Why do insurance companies authorize "unnecessary" procedures? It always comes down to this. And you never answer it. Why, I wonder?
The answer is because insurance companies (who can be sued by patients) deal with a different definition of "necessity" than you might find in "The Complete Lives System."
Do you even realize you are party to a swindle?
Posted by: John Galt | 08/28/2009 at 11:29 AM
It's a good argument, though I think you are missing information (actual research data/articles) on so-called 'wasted' care. (To find such research, google 'wasted health care' or other such search terms)
The argument itself is logically sound given the set of information I think you have.
But, this is an interesting question:
"Why do insurance companies authorize "unnecessary" procedures? It always comes down to this...."
I can't speak for all insurers (or even for any!), but...I think in general, with exceptions, usually insurers are *not* competent to know whether the doctor is making the best choice in most situations, especially in PPO policies (which are commonplace).

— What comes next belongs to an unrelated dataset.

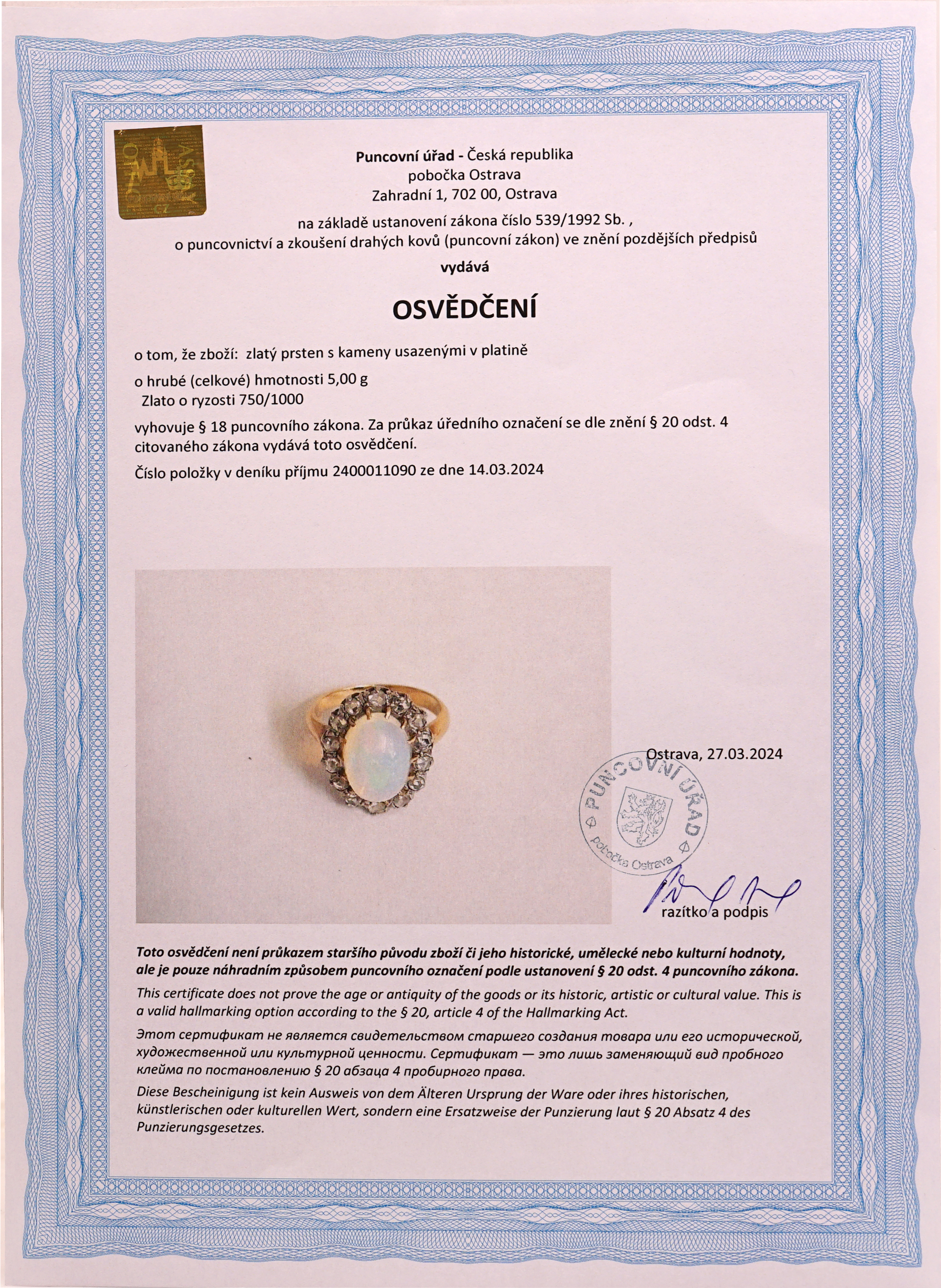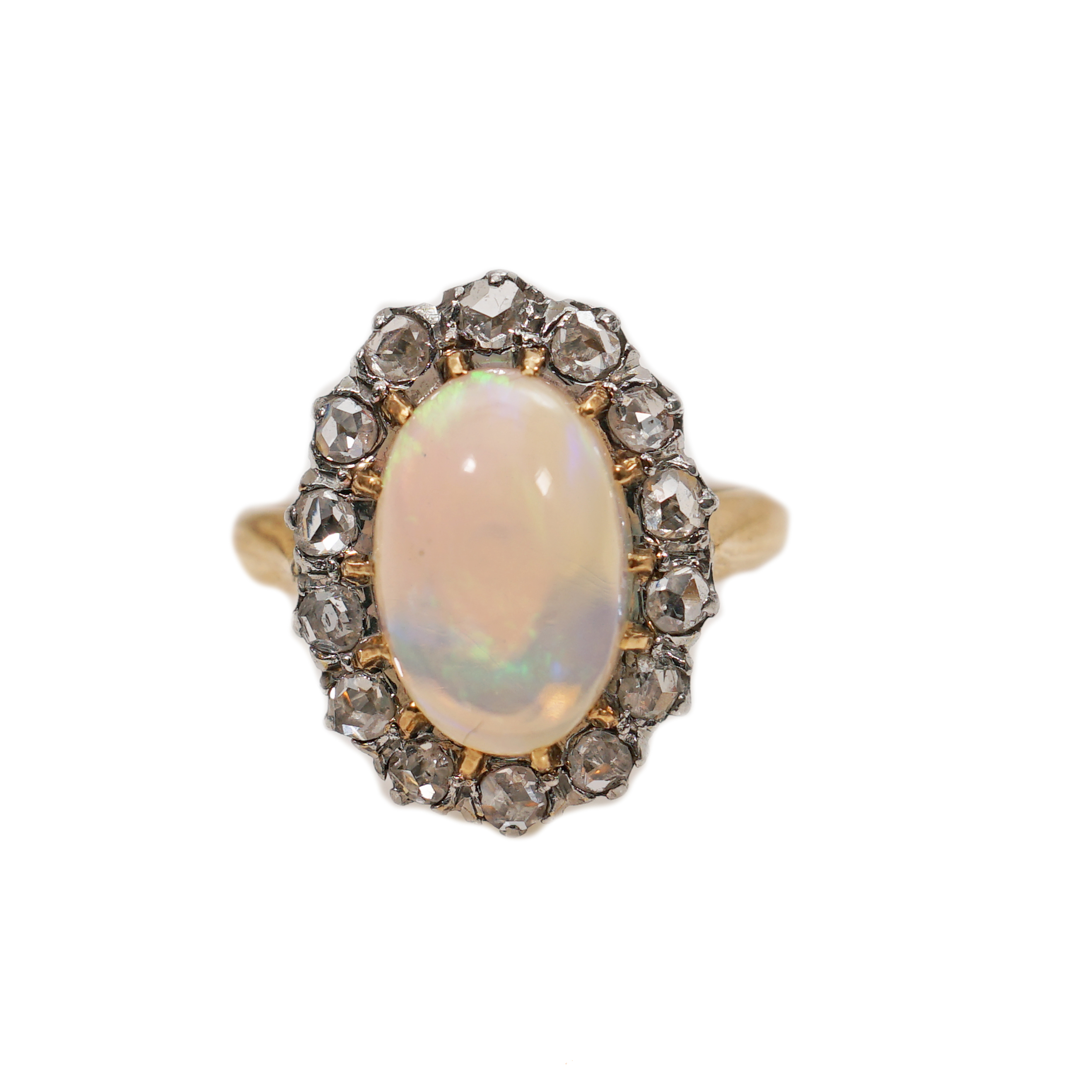 18 karátové zlato. Osazeno brilianty a opálem. Kolem roku 1900. Váha 5,00 g / 750. Velikost prstenu č. 50

And the insurer knows this. Therefore, all the insurer can do, for those PPO policies (which are not the "managed care" HMO policies)...is try to detect when there is an incompetent doctor and cancel their contract with that one doctor (remove him/her from 'in-network' status).
So it's information-asymmetry.
So, I'd agree with your conclusion *if* I restricted my information to exclude research on medical 'waste', etc.

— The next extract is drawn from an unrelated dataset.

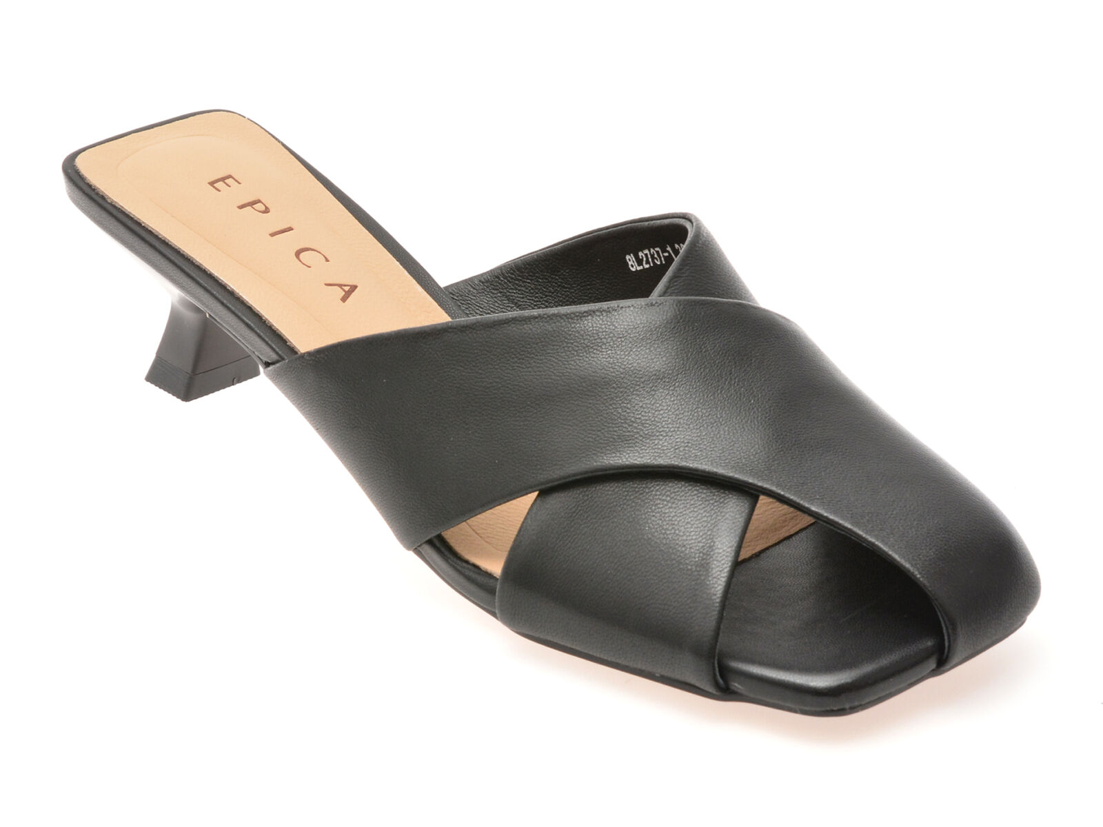 Papuci EPICA negri, 2737, din piele naturala , Pentru: Femei , Brand: Epica , culoare: Negru , Material exterior: Piele naturala , Material talpa: pvc , Tip inchidere: Slip-on . Livrare gratuita pentru comenzile de peste 299 RON acasa si in locker. Retur gratuit de acasa sau in locker.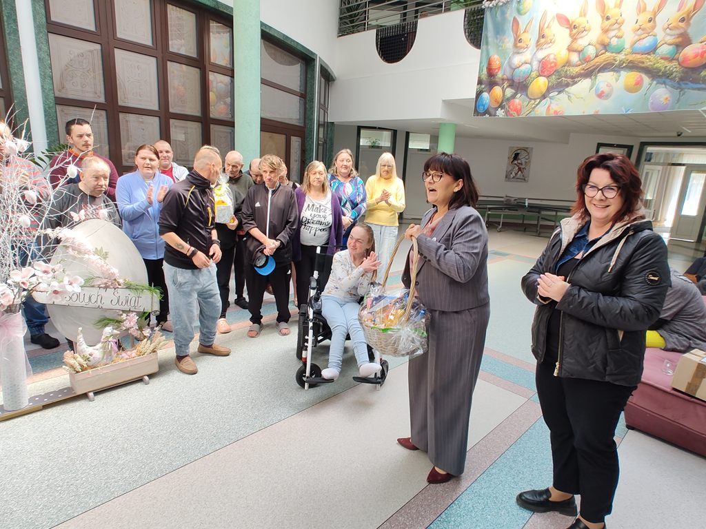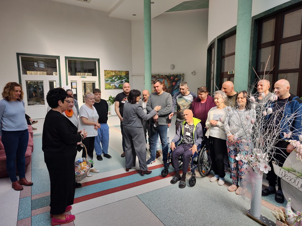 W przedświątecznej atmosferze odwiedziła nas Pani Wójt - Barbara Dukier, przynosząc ze sobą nie tylko serdeczne życzenia, ale i symbolicznego „zajączka”, który wywołał wiele uśmiechów. To spotkanie było pełne ciepła, wzruszeń i radości. W oczach naszych mieszkańców pojawiło się prawdziwe wzruszenie, a serdeczne rozmowy i chwile spędzone razem na długo pozostaną w naszej pamięci. Takie wizyty przypominają, jak ważna jest bliskość, życzliwość i pamięć o drugim człowieku. Dziękujemy za ten piękny gest i wspólnie spędzony czas!

While it's possible to simply conclude the wide array of 'experts' who 'agree' there is significant (instead of little) medical waste are correct, one can indeed challenge this idea, but only by spending the hours reading research in journals and looking over actual data (not just arguments alone). To do such checking competently, I'd need to search out the best articles, and on both sides, if there is more than one side, and also look over data sets at least some, and also compare such data sets to those in other research articles.
Posted by: Hal Horvath | 08/28/2009 at 01:02 PM
So it could be that "waste" is what I describe, or that "waste" is what you describe.

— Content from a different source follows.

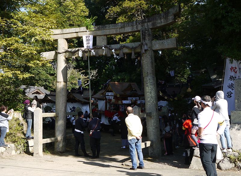 太い曳き綱とともに野間中地車が鳥居をくぐり抜けて出てきました。

And yet, bioethicists like Ezekiel Emanuel are people who specialize in the kind of waste I describe. When Obama refers to "tough decisions" he's referring to my definition of waste. How does your version of "waste" involve any "tough decisions"?
What is The Complete Lives System if not a guide to making "tough decisions" about rationing care? That's exactly what it is. It's what Emanuel specializes in.
You're in denial. Go be in denial elsewhere.
Posted by: John Galt | 08/28/2009 at 01:22 PM
Ok, but to avoid being in denial yourself, you'd have to investigate the research and data on 'waste' that in fact is available on the internet from research journals for yourself. That's strictly up to you.
Posted by: Hal Horvath | 08/28/2009 at 01:48 PM
No, not really. Only one of us is in denial. I'm sure there are all sorts of actual inefficiencies. Medicine is an art, and there are few "textbook" cases of anything. But these inefficiencies won't get any better under government control -- they'll get worse. Medicare is already subject to much more fraud than private insurance. Nothing beats the profit motive for controlling waste, because somebody actually gets a commission for fixing it. No other model has that.
And those real inefficiencies don't matter -- what matters is that Obama does intend to take over the "tough decisions." Inefficiencies that aren't inefficiencies. They're going to eliminate waste that isn't really waste at all, but simply compassion. They want to stop wasting care on people who will almost certainly die, and put those resources to work on someone who's currently uninsured.
And the funny thing is that I'm far more concerned about the rampant intellectual dishonesty on this issue -- such as you've demonstrated -- than I am with the reality of rationing. We already ration.